Dunn explained that they had started a Go Fund Me account to help with the damages, setting a fundraising goal of $20,000. Then the first bid they got to repair the fence was for $15,000.

“We underestimated the damages,” Dunn said. The community, including Farm Supply and its members, have donated stuff to help the club, for which the ladies said they are very grateful. Someone even donated use of a roll-off dumpster, which showed up one day unannounced.

Haas said the creek also overflowed its berm back in 2017, and back then, they had cattle that had to be evacuated, too. The fence was rebuilt back then also.

“With this one,” she said, “there’s a lot more mud and storm debris that came in.”

They had some odd damages, like a walking bridge that spanned between buildings that floated away in the storm, landing hundreds of yards away in a neighbor’s yard.

And oddly enough, in the aftermath of all that chaos, they found an intact watermelon lying in the meadow. They have no idea where it came from, but it did add a little comic relief to a heartbreaking situation.

Though the Go Fund Me page has since been taken down, Dunn said they still need to raise money to put their farm back in order, before the kids start buying their show animals in mid-March.

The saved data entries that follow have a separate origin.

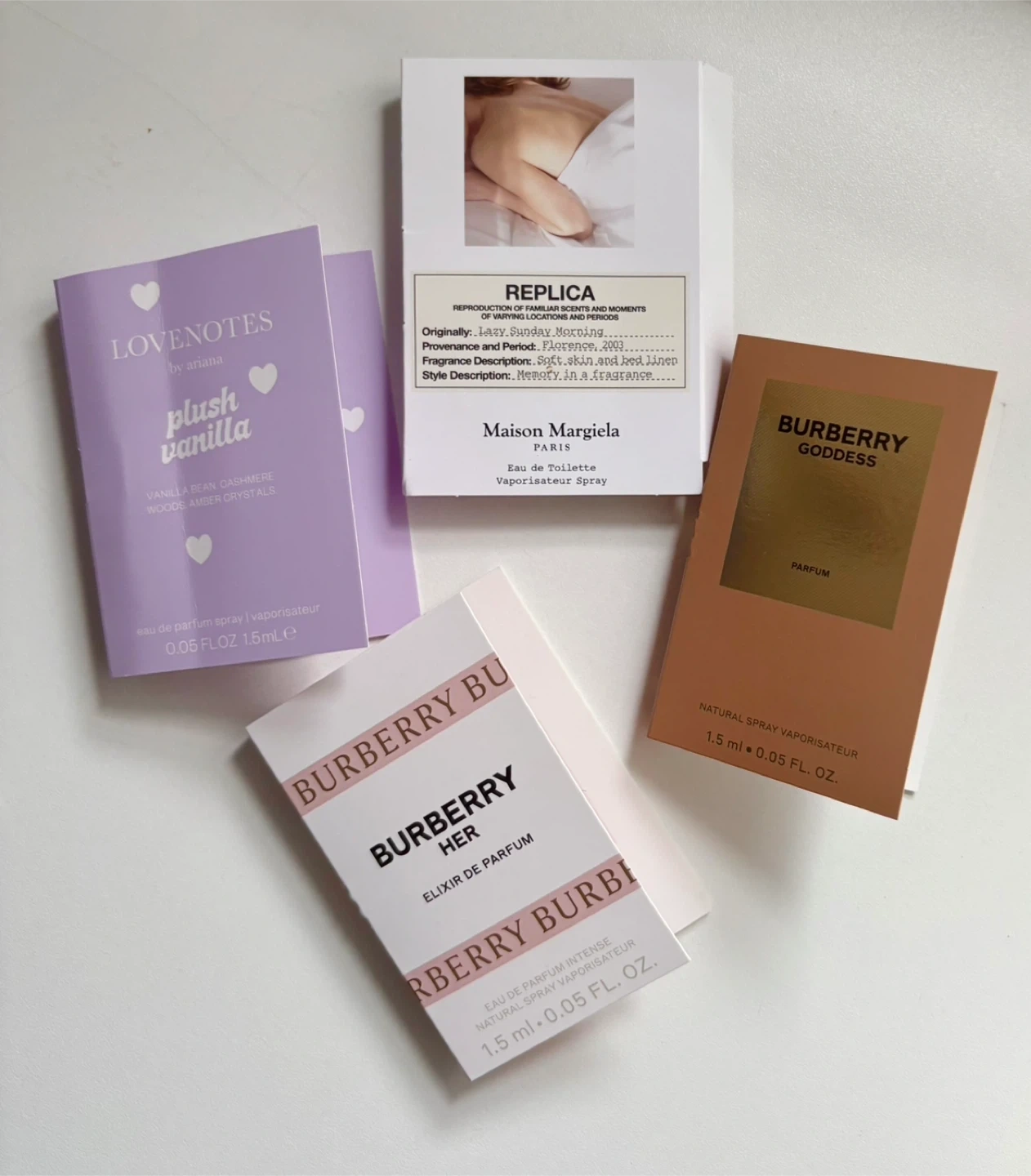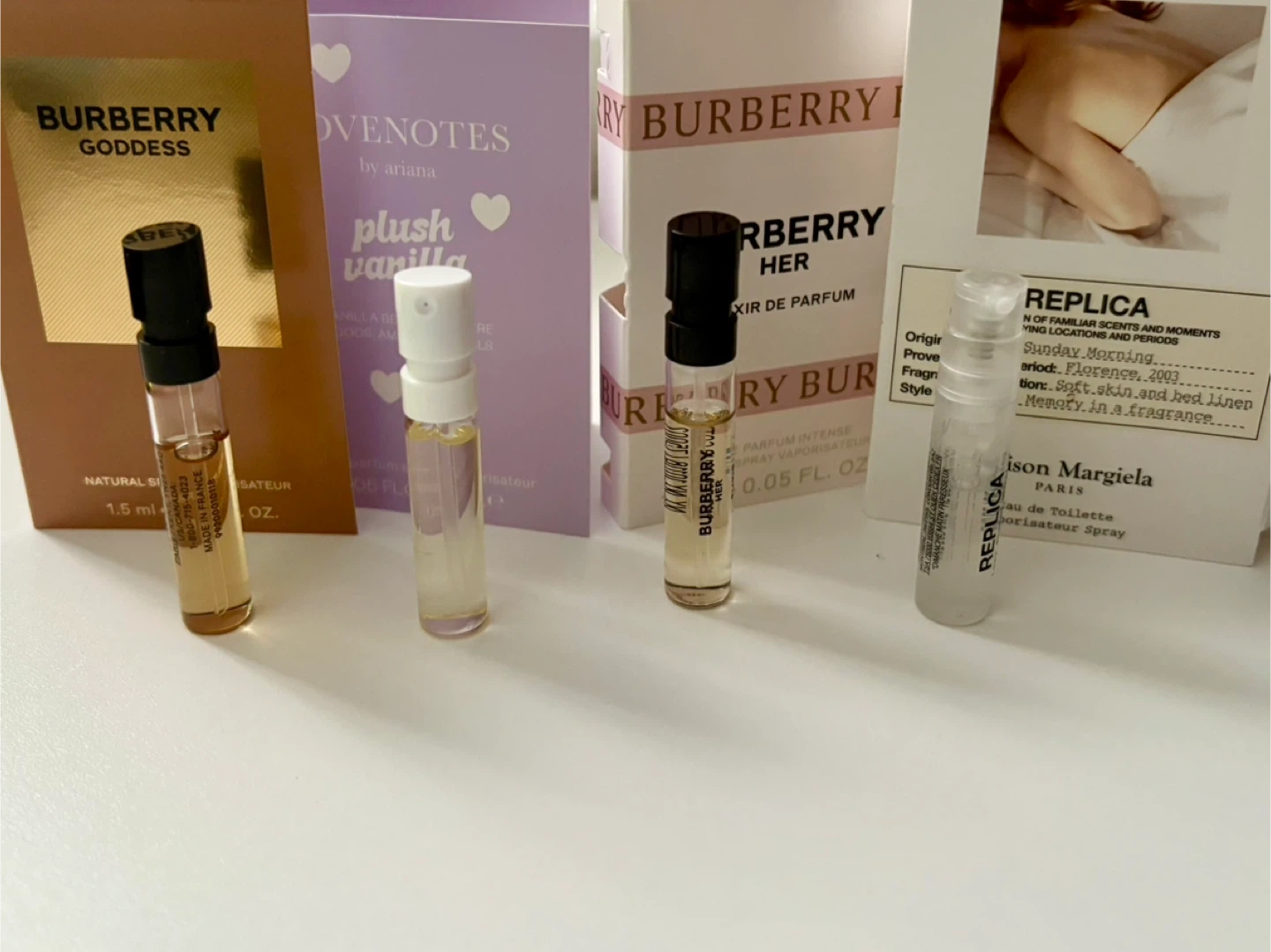 Selling a set of assorted perfume samples. Includes: - Burberry Goddess (1.5 ml) - Burberry Her Elixir de Parfum (1.5 ml) - Maison Margiela Replica Lazy Sunday Morning - Ariana Grande Lovenoates Plush Vanilla (0.05 fl oz) Never used Total - approx 5-6 ml Perfect to try on Price is non negotiable Cash only Pick up please
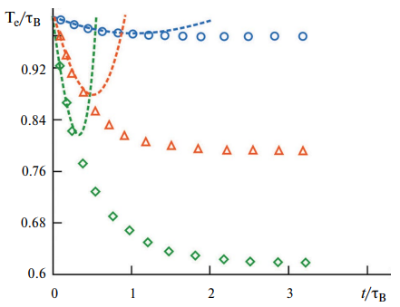 Рис. 3. Временная зависимость τe(t)/Te, рассчитанная численно согласно выражению (21), для различных значений напряженности приложенного магнитного поля, выраженного в единицах параметра Ланжевена: α = 1 (синие круги), α = 3 (красные треугольники), α = 5 (зеленые ромбы). Пунктирными кривыми обозначены предсказания асимптотики малых времен (10). Начиная с характерных времен t ~ 3τB, эффективное время τe (t) начинает расти, достигая асимптотически значения Te (19) в пределе t → ∞. Этот предел не может быть корректно рассчитан численно при использовании конечного числа уравнений системы (4).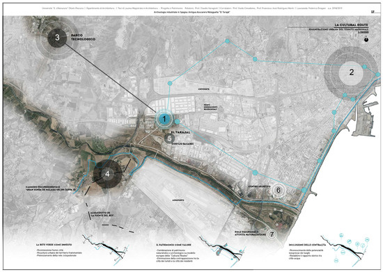 Centralities and new connections of the Tarajal factory. 1. Tarajal factory; 2. downtown Malaga; 3. Andalusian Technological Park (PTA); 4. naturalistic walkway; 5. Bacardi factory; 6. local sports facilities; 7. naturalistic activities. Source: Federica Dragani, 2020.
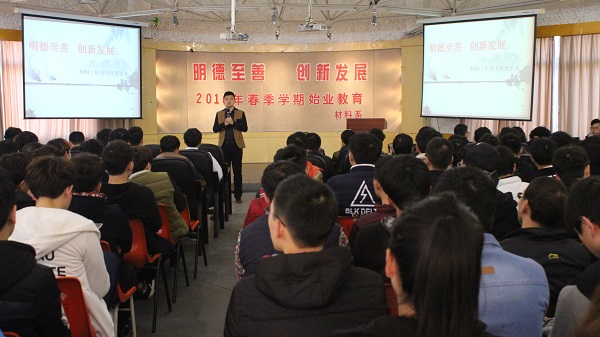 2月27日,材料系在多功能厅举行了以“明德至善 创新发展”为主题的2016年春季学期始业教育。材料系副主任史子木(主持工作)、党支部副书记万登泸(主持工作)、各班班主任、辅导员以及2014级、2015级全体同学参加了本次活动。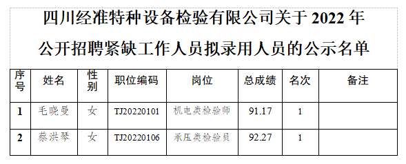 四川經(jīng)準(zhǔn)特種設(shè)備檢驗(yàn)有限公司關(guān)于2022年公開(kāi)招聘緊缺工作人員 擬錄用人員的公示

Some volunteers are bringing in tractors to move out over a foot of muck that settled in the pig, chicken, and sheep pens.

It should be noted that 4-H has many different programs and activities. The 4-H Clubs are overseen by the University of California Cooperative Extension, Dunn said, and have different contribution rules depending on the amount.

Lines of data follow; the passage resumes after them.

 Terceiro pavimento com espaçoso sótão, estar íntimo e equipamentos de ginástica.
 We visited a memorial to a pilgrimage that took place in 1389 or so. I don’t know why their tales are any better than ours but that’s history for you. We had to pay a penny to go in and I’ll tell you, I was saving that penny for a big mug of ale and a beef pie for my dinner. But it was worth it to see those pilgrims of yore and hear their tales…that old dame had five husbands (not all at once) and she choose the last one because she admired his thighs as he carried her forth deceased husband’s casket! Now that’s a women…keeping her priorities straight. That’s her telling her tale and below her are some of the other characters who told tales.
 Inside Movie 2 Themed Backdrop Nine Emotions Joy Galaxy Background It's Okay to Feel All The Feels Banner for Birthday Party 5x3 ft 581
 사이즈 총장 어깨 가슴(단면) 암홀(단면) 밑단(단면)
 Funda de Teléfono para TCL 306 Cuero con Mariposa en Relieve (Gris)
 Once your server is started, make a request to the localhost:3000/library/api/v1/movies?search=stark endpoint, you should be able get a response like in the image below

Donations of $999 and under can be made by

Bay 4-H” and mailed to Morro Bay 4-H Club, P.O. Box 202, Morro Bay, CA 93443

Donations of $1,000 and over can be made by check payable to “SLO Co 4-H YDP” with “Morro Bay 4-H Club flood assistance” in the memo line and mailed to SLO Co 4-H YDP, 2156 Sierra Way, Suite C, San Luis Obispo, CA 93401. Dunn said, “Special thanks to the many Farm

Bureau members who have already donated, and thank you to Farm Supply Company and JB Dewar for working on logistics of supporting the Morro Bay 4-H program.”

The bottom line is that 90 percent of the Morro Bay 4-H kids that raise animals for the fair use this farm, and if they can’t get it up and running again soon, they likely won’t be able to this year.